**Provided data**
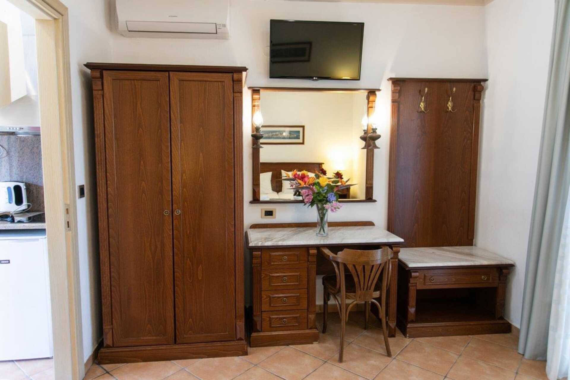 Ettromsleiligheter superior med balkong. En dobbeltseng eller to enkeltsenger. Mulig med ekstraseng i enkeltseng. Minikjøkken med kokeplater, kjøleskap, kaffetrakter, vannkoker, enten mikrobølgeovn eller stekeovn samt enkelt kjøkkenutstyr. Wifi og luftkondisjonering inkludert. Safe mot avgift. Takvifte. TV. Badekar eller dusj samt wc, hårføner. Rengjøring 6 ggr/uke.
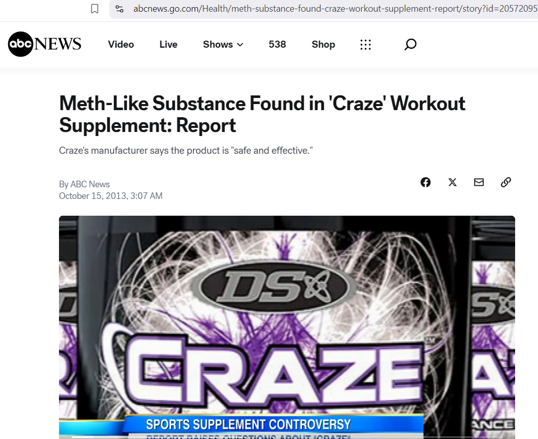 The supplement sellers knew their target market was people who were hitting the gym so, to topple the competition, this time around they began lacing their products with methamphetamine-like substances and other pharmaceuticals. These chemicals made people feel awesome and when people felt great they mistook this for nutrients; they mistook it for health. It didn’t take long for all hell to start breaking loose. Two Welsh athletes, Rhys Williams and Gareth Warburton received four and six-month bans after taking Mountain Fuel supplements laced with steroids. Olympic swimmer Jessica Hardy took Advocare Arginine Extreme to gain muscle mass and it too contained a steroid. People who consumed products like Craze workout supplement were unknowingly being drugged too.
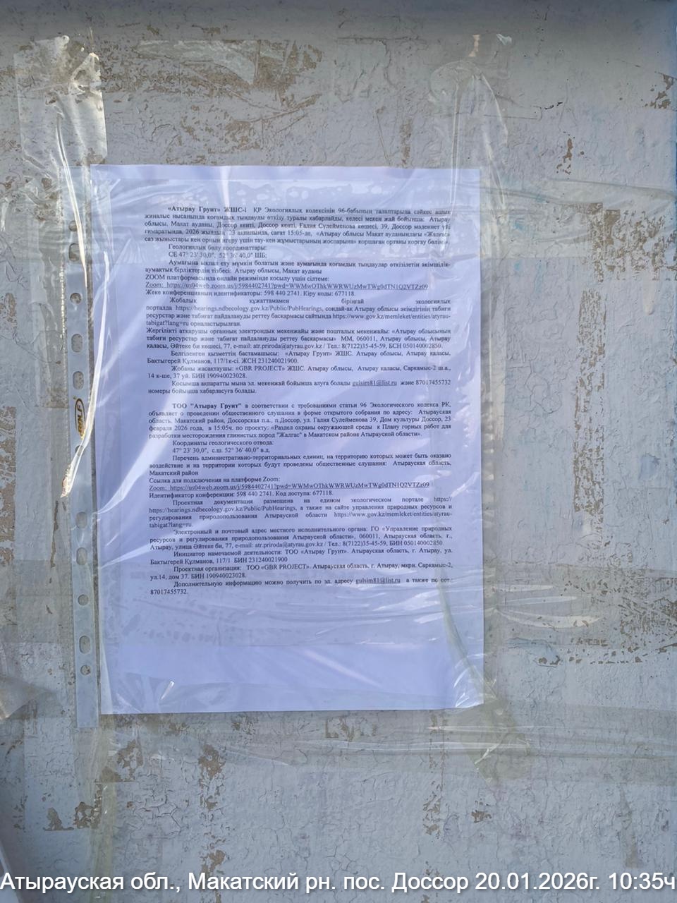 3. Общественные слушания организованны: Управление природных ресурсов и регулирования природопользования Атырауской области, atr.priroda@atyrau.gov.kz,
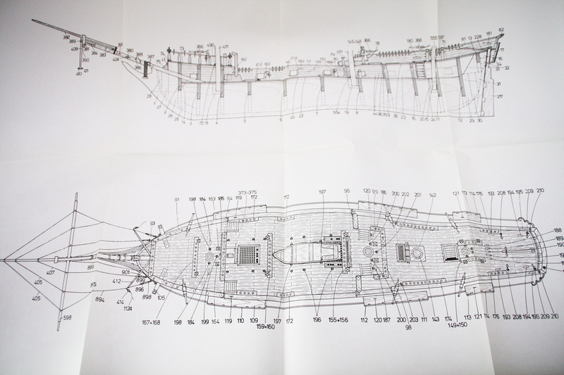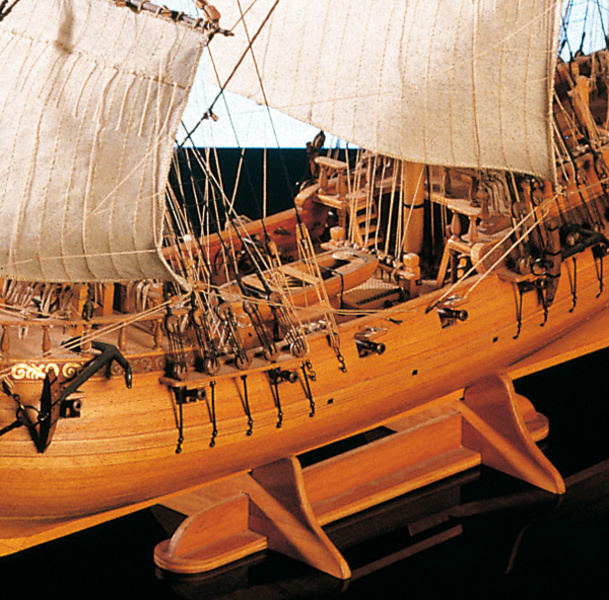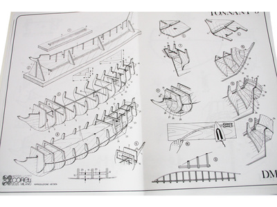 Pachetul conține un set de piese din placaj, un set de bare din lemn cu secțiuni diferite, un blister cu piese mici, piese din alamă, steaguri, un set de desene și un manual multilingv.
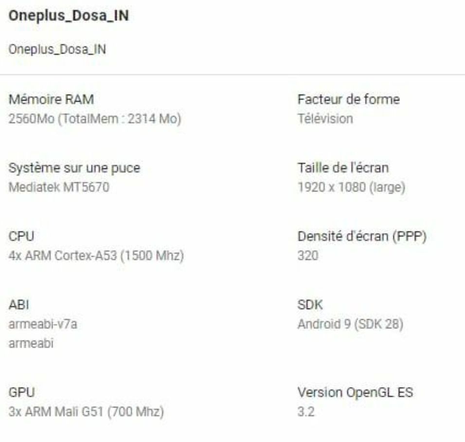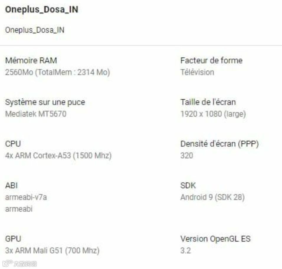 另有配置表曝光,一加电视内部代号“Dosa”,搭载由四枚Cortex-A53核心组成的联发科MTK5670处理器,2.5GB RAM,预装Android 9系统,FHD分辨率屏;没记错的话之前官宣预热的是一加TV将配备三星55英寸的4K QLED屏,这个分辨率对不上,要么对应的是低配版要么估计就是爆料有误。
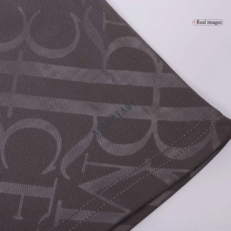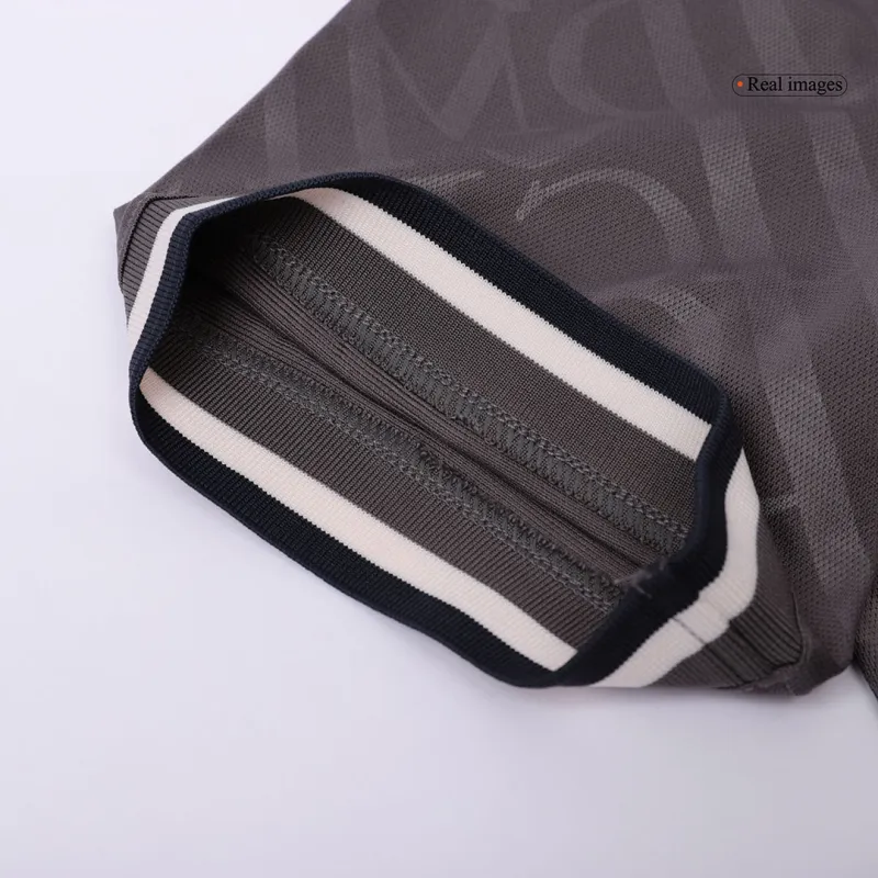This third away kit presents a bold and sophisticated aesthetic, designed to make a statement on the road. The design features a distinctive tonal pattern that adds depth and texture, creating a dynamic visual effect under the stadium lights. The classic Real Madrid crest is proudly displayed on the chest.
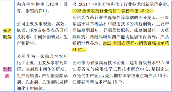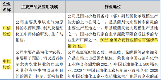 根据中国农药工业协会发布的“2023年农药行业销售百强排行榜”,发行人2022年度主营业务收入超过10亿元,可排至榜单第78位,广信股份、先达股份、中旗股份作为快达农化的可比公司,在该榜单排名分别为第21位、第32位、第31位。
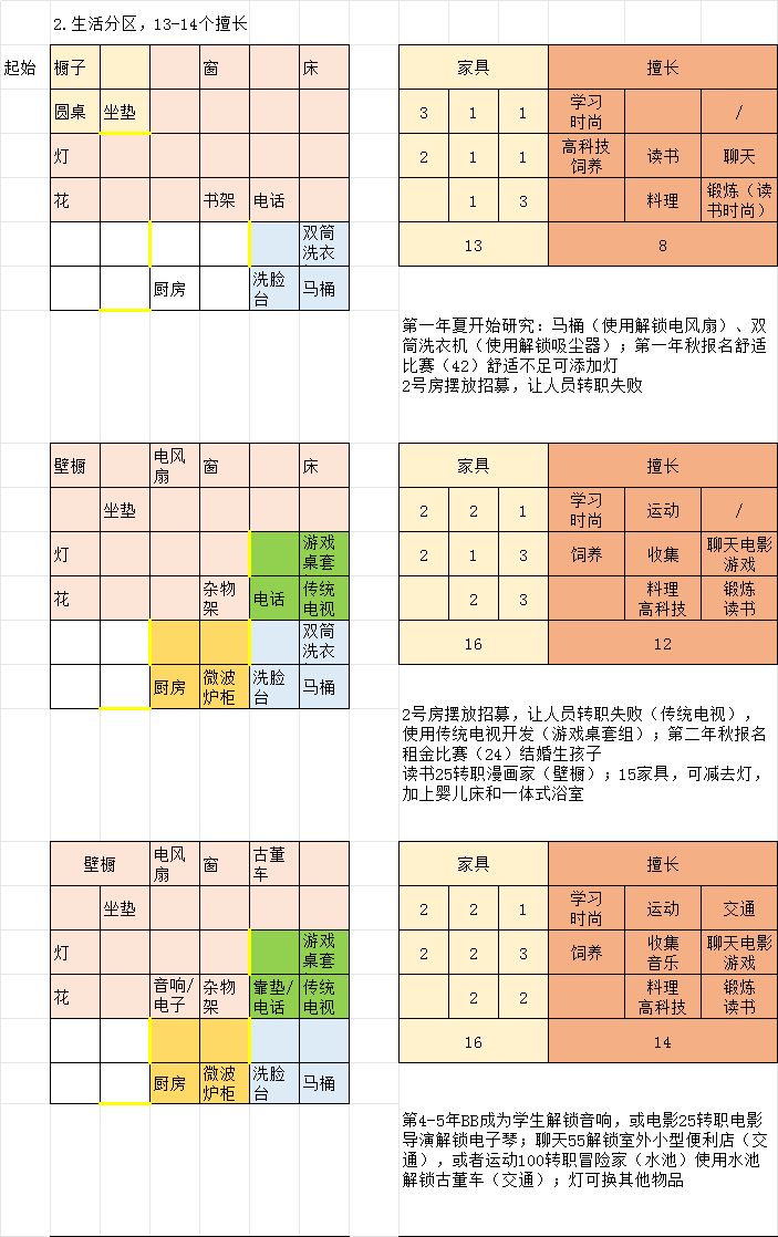 家具和职业解锁都跟擅长有关。所有家具或多或少都有添加四大属性,所以优先考虑满足14擅长,其次是舒适度,还有分区。
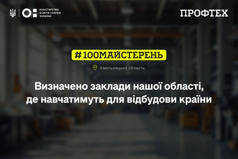 #100майстерень, що реалізується Міністерством освіти і науки України, триває оновлення навчально-практичної бази закладів професійно-технічної освіти. Два заклади Хмельниччини отримають фінансування на модернізацію майстерень. Загальна сума субвенції — 13 759 600 гривень
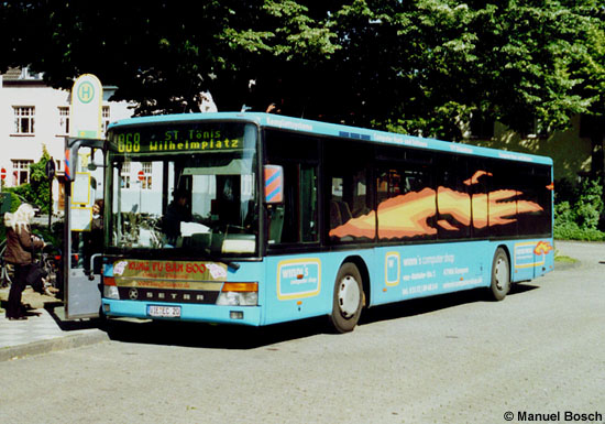 Die E+C Bus Ltd. aus Viersen hat im April mit dem auf das Kennzeichen VIE-EC 20 zuge-lassenen Setra S 315 NF ihren letzten Omnibus ausgemustert. Am 30.05.2007 konnte der im Auftragsverkehr der SWK eingesetzte Wagen in Kempen am Bahnhof aufgenommen werden.

**The problem**
Write out exactly the lines from the line holding "This third away" through the last line of the records above, inclusive, and nothing more. Leave out the pictures.

**Answer area**
This third away kit presents a bold and sophisticated aesthetic, designed to make a statement on the road. The design features a distinctive tonal pattern that adds depth and texture, creating a dynamic visual effect under the stadium lights. The classic Real Madrid crest is proudly displayed on the chest.
 根据中国农药工业协会发布的“2023年农药行业销售百强排行榜”,发行人2022年度主营业务收入超过10亿元,可排至榜单第78位,广信股份、先达股份、中旗股份作为快达农化的可比公司,在该榜单排名分别为第21位、第32位、第31位。
 家具和职业解锁都跟擅长有关。所有家具或多或少都有添加四大属性,所以优先考虑满足14擅长,其次是舒适度,还有分区。
 #100майстерень, що реалізується Міністерством освіти і науки України, триває оновлення навчально-практичної бази закладів професійно-технічної освіти. Два заклади Хмельниччини отримають фінансування на модернізацію майстерень. Загальна сума субвенції — 13 759 600 гривень
 Die E+C Bus Ltd. aus Viersen hat im April mit dem auf das Kennzeichen VIE-EC 20 zuge-lassenen Setra S 315 NF ihren letzten Omnibus ausgemustert. Am 30.05.2007 konnte der im Auftragsverkehr der SWK eingesetzte Wagen in Kempen am Bahnhof aufgenommen werden.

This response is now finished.